About this exercise:
With the pictures left aside, write out the entries that follow exactly.

Provided information:

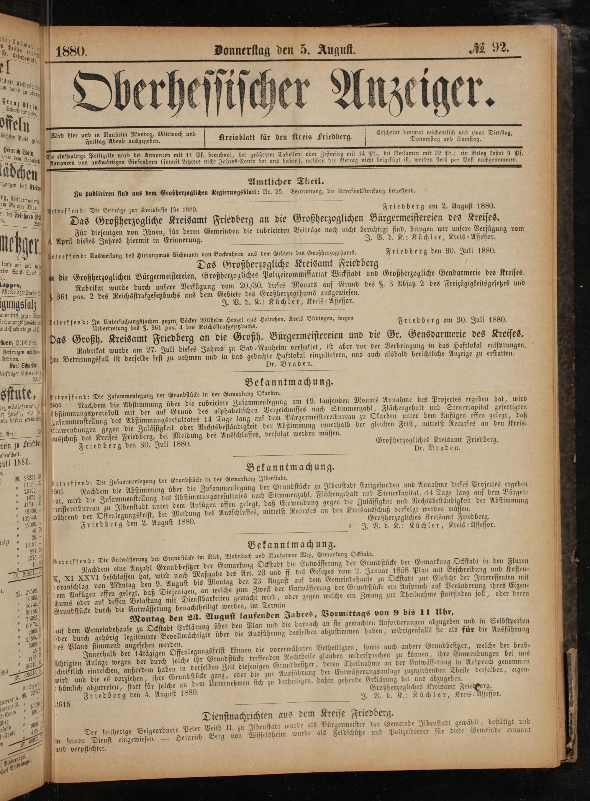 N 710 zusschuß des Kreises Friedberg, bei Meidung des Ausschlusses, verfolgt werden müssen. rein zu Frit 9 1 Friedberg den 30. Juli 1880.
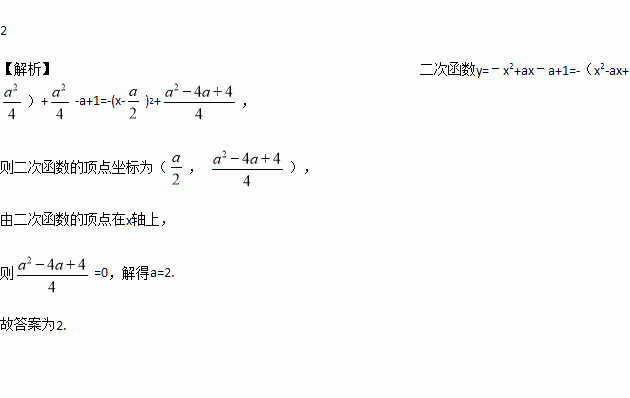 已知二次函数y=﹣x2+ax﹣a+1的图象顶点在x轴上,则a=_____________.
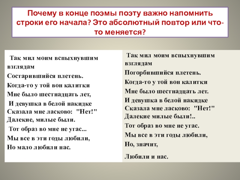 Слайд 24Почему в конце поэмы поэту важно напомнить строки его начала? Это
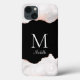 Elegant vit ros guld agate monogram iPhone 13 fodral.
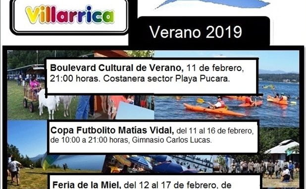 Panoramas del verano en Villarrica: Boulevard cultural, Copa Futbolito y Feria de la Miel Lunes, 11 Febrero, 2019 a las 14:09 prensa Comunas 0 Twitter Facebook LinkedIn WhatsApp Twitter Facebook LinkedIn WhatsApp Relacionado PanoramasVillarrica

Written solution:
 N 710 zusschuß des Kreises Friedberg, bei Meidung des Ausschlusses, verfolgt werden müssen. rein zu Frit 9 1 Friedberg den 30. Juli 1880.
 已知二次函数y=﹣x2+ax﹣a+1的图象顶点在x轴上,则a=_____________.
 Слайд 24Почему в конце поэмы поэту важно напомнить строки его начала? Это
 Elegant vit ros guld agate monogram iPhone 13 fodral.
 Panoramas del verano en Villarrica: Boulevard cultural, Copa Futbolito y Feria de la Miel Lunes, 11 Febrero, 2019 a las 14:09 prensa Comunas 0 Twitter Facebook LinkedIn WhatsApp Twitter Facebook LinkedIn WhatsApp Relacionado PanoramasVillarrica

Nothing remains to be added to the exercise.